Purdue CMS Tier-2 Center
Home » User Information » Managing_datasets_via_Rucio

Managing datasets via Rucio

Setting up Rucio environment

$ source /cvmfs/cms.cern.ch/cmsset_default.sh
$ export X509_USER_PROXY=~/x509up_u`id -u`
$ voms-proxy-init -voms cms -valid 168:00
$ source /cvmfs/cms.cern.ch/rucio/setup-py3.sh
$ export RUCIO_ACCOUNT=piperov
$ rucio whoami #check that it all worked fine

 

Data placement/copy in Rucio is controlled via ‘rules’ 

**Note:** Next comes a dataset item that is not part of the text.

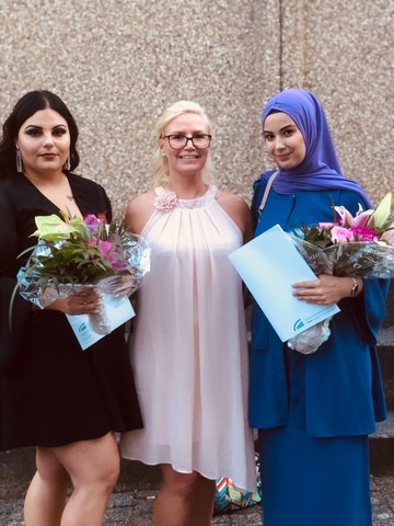 Adeviye Islak (rechts) und Lisa Buchmann (links) auf der Examensfeier mit Hausleiterin Madeleine Hoffmann
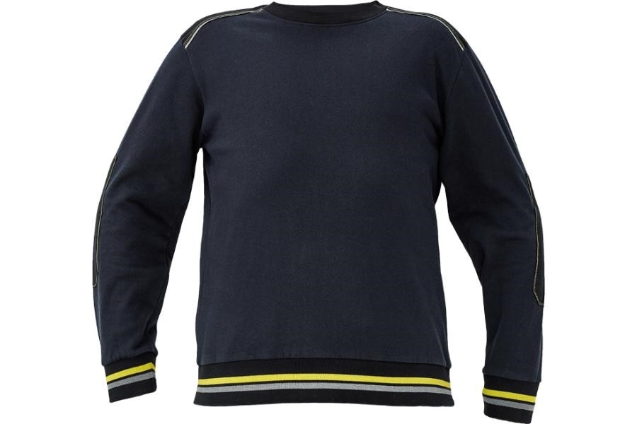 Popis: pánská mikina s kulatým průkrčníkem, z počesaného výplňku směsi bavlny a polyesteru; sedlo v kontrastní černé barvě lemované reflexní paspulkou; zesílená oblast loktů; kontrastní proužky v nápletech; na rukávech a spodním lemu; dekorativní prošití v hi-vis barvě

(see official documentation at CERN)

Misc. Rucio commands

$ rucio list-rules --account $RUCIO_ACCOUNT
$ rucio rule-info [RULE_HASH]
$ rucio list-account-limits $RUCIO_ACCOUNT

 

To copy a dataset, you need to create a new rule

$ rucio add-rule cms:/CMS/DATA/SET/NAME 1 T2_US_Purdue

or:

$ rucio add-rule cms:/CMS/DATA/SET/NAME#BLOCK-NAME 1 T2_US_Purdue

or even better:

$ rucio add-rule --ask-approval --lifetime 2592000 cms:/CMS/DATA/SET/NAME#BLOCK-NAME 1 T2_US_Purdue



Managing groups of datasets via containers

NOTE: Rucio’s concept of ‘dataset’ is what CMS historically calls a ‘block’. What CMS normally calls a ‘dataset’ is called ‘container’ in Rucio!

Basic idea: Create one container for all datasets needed for your analysis, and then manage its copying to a site via single rule (instead of individual rules for each dataset).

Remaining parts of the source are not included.